= WHAT TO PRODUCE =
Give back the full listing verbatim, apart from its images.

= INPUT FOR THIS TASK =
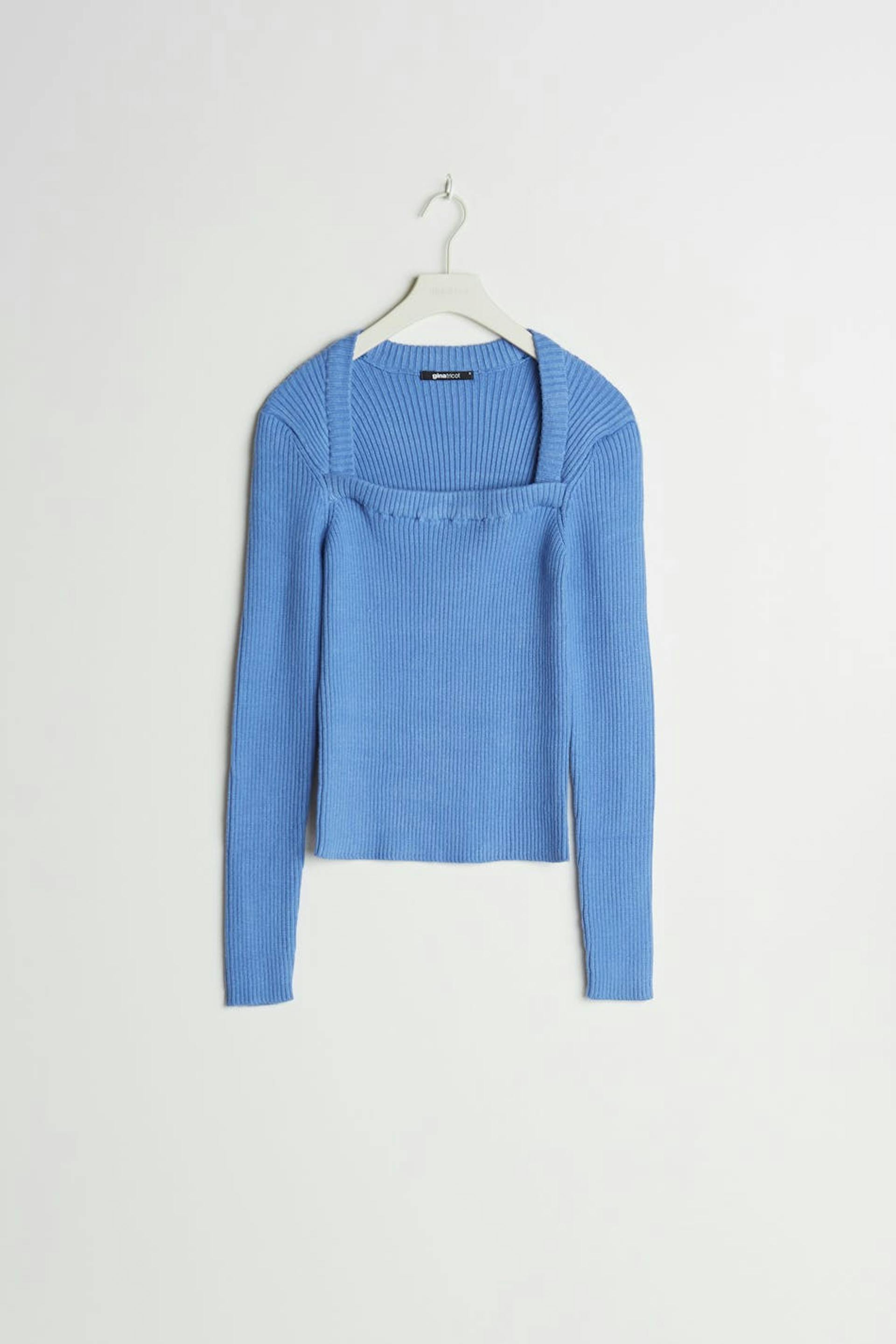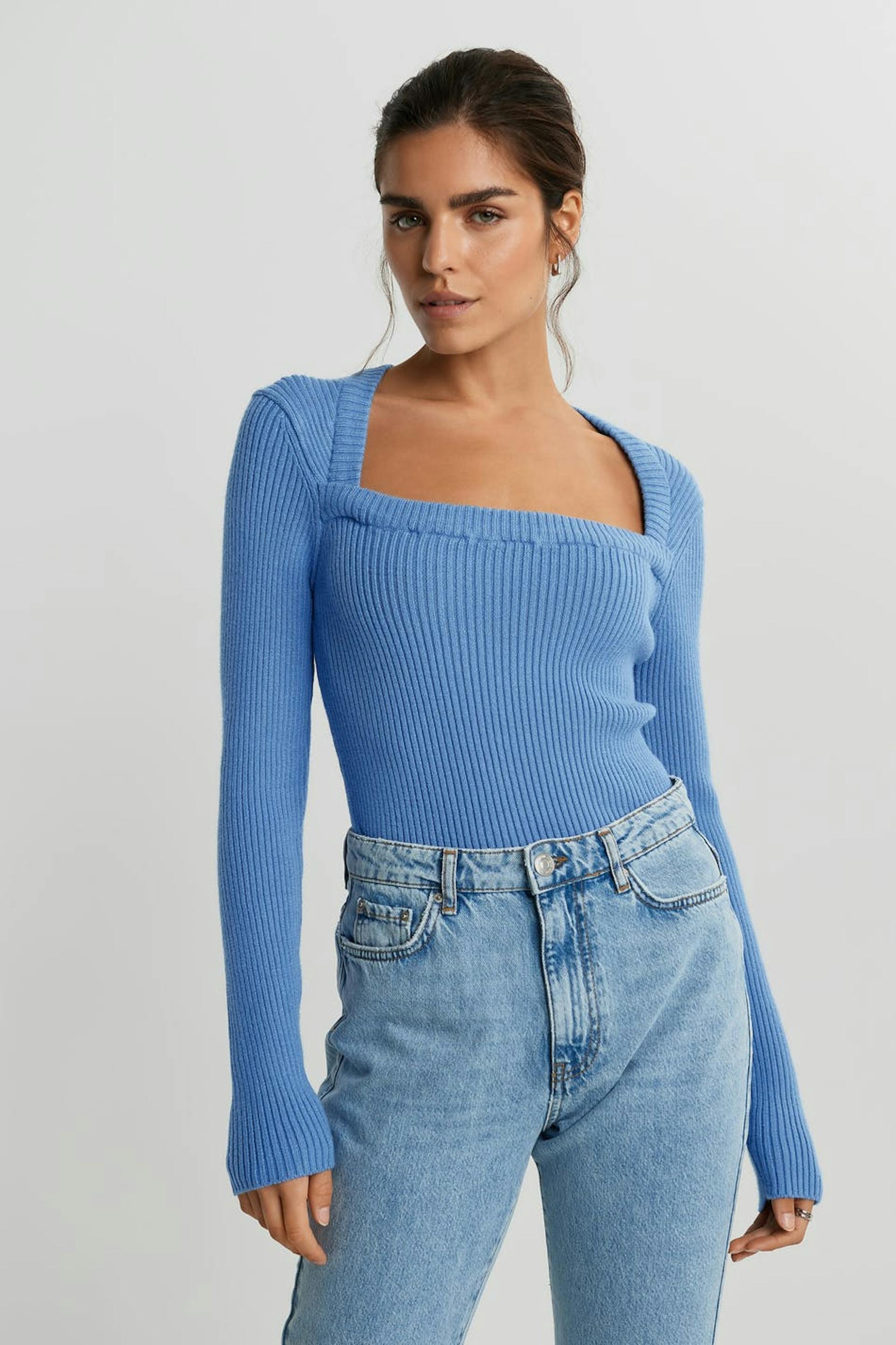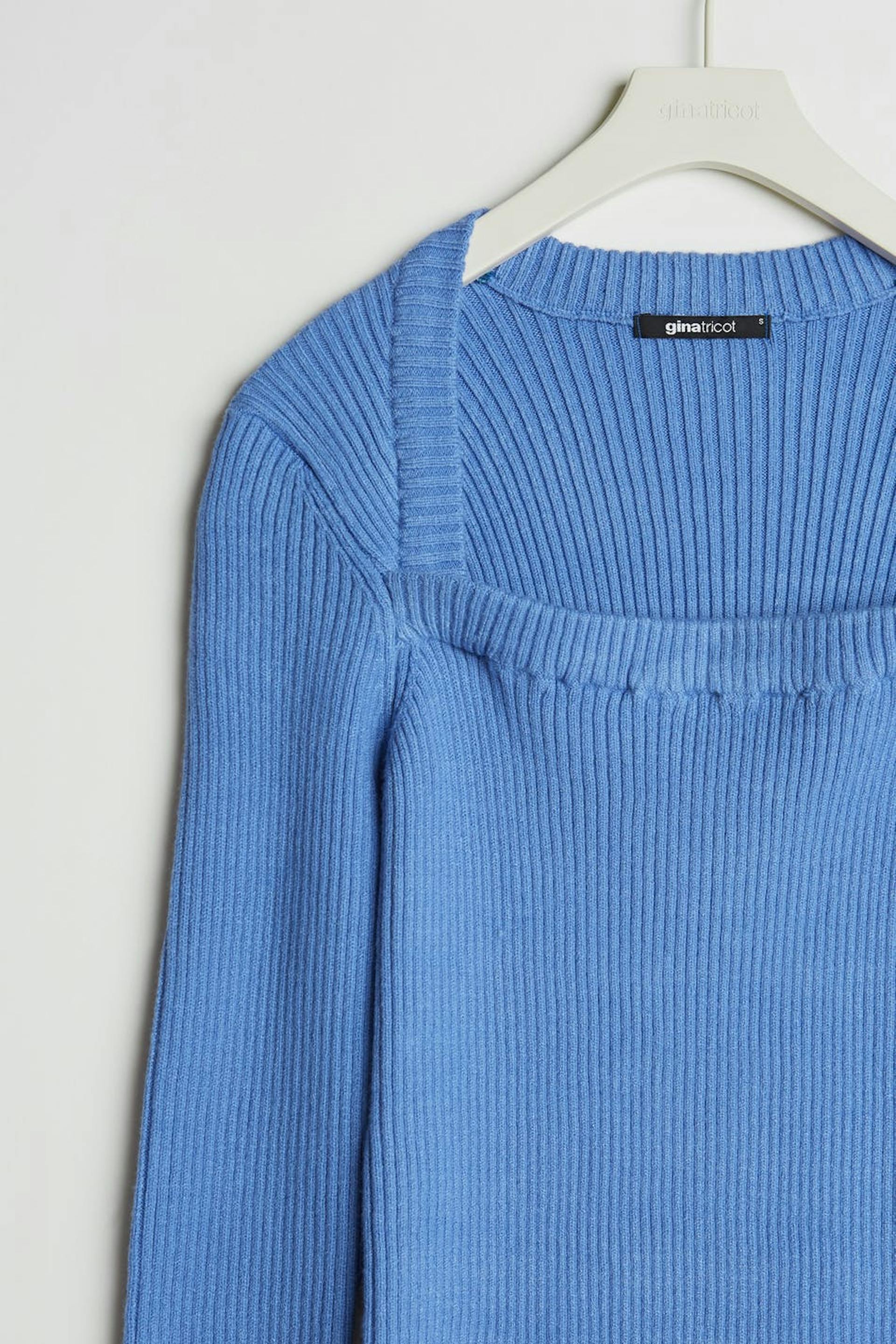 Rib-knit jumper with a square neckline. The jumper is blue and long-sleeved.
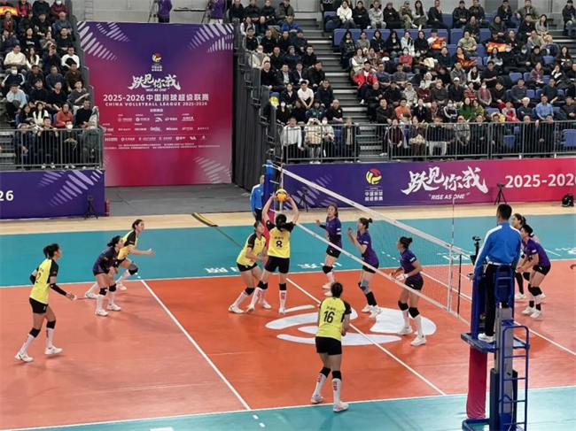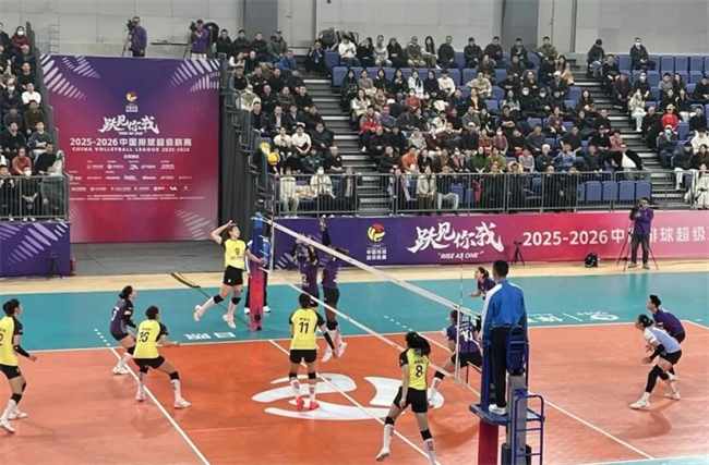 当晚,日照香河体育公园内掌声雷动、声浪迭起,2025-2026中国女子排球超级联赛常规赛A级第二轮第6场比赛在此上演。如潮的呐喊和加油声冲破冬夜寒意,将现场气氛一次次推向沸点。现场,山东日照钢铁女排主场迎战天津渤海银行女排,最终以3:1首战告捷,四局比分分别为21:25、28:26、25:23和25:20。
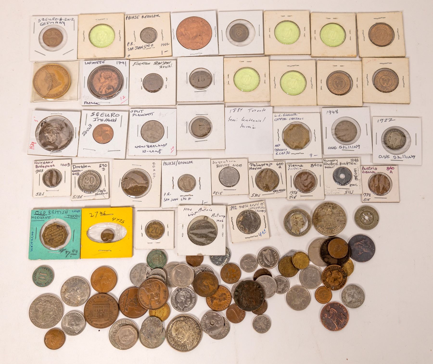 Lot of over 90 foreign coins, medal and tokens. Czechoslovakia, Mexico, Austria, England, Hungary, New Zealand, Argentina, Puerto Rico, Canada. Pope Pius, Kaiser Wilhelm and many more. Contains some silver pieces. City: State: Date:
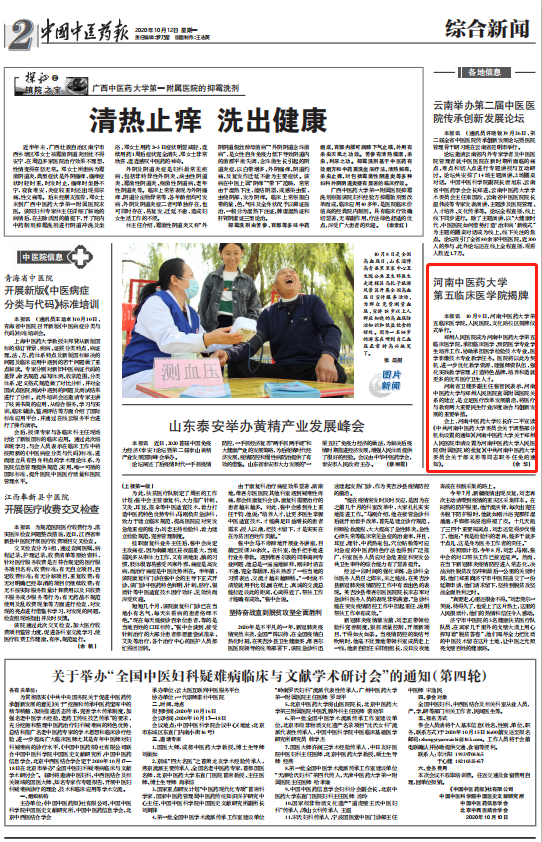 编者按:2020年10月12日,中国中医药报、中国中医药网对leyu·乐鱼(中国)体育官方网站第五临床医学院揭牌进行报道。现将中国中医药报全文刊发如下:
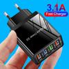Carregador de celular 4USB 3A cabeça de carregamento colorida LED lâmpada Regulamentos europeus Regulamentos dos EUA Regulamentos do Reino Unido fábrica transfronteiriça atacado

= ANSWER SPACE =
 Rib-knit jumper with a square neckline. The jumper is blue and long-sleeved.
 当晚,日照香河体育公园内掌声雷动、声浪迭起,2025-2026中国女子排球超级联赛常规赛A级第二轮第6场比赛在此上演。如潮的呐喊和加油声冲破冬夜寒意,将现场气氛一次次推向沸点。现场,山东日照钢铁女排主场迎战天津渤海银行女排,最终以3:1首战告捷,四局比分分别为21:25、28:26、25:23和25:20。
 Lot of over 90 foreign coins, medal and tokens. Czechoslovakia, Mexico, Austria, England, Hungary, New Zealand, Argentina, Puerto Rico, Canada. Pope Pius, Kaiser Wilhelm and many more. Contains some silver pieces. City: State: Date:
 编者按:2020年10月12日,中国中医药报、中国中医药网对leyu·乐鱼(中国)体育官方网站第五临床医学院揭牌进行报道。现将中国中医药报全文刊发如下:
Carregador de celular 4USB 3A cabeça de carregamento colorida LED lâmpada Regulamentos europeus Regulamentos dos EUA Regulamentos do Reino Unido fábrica transfronteiriça atacado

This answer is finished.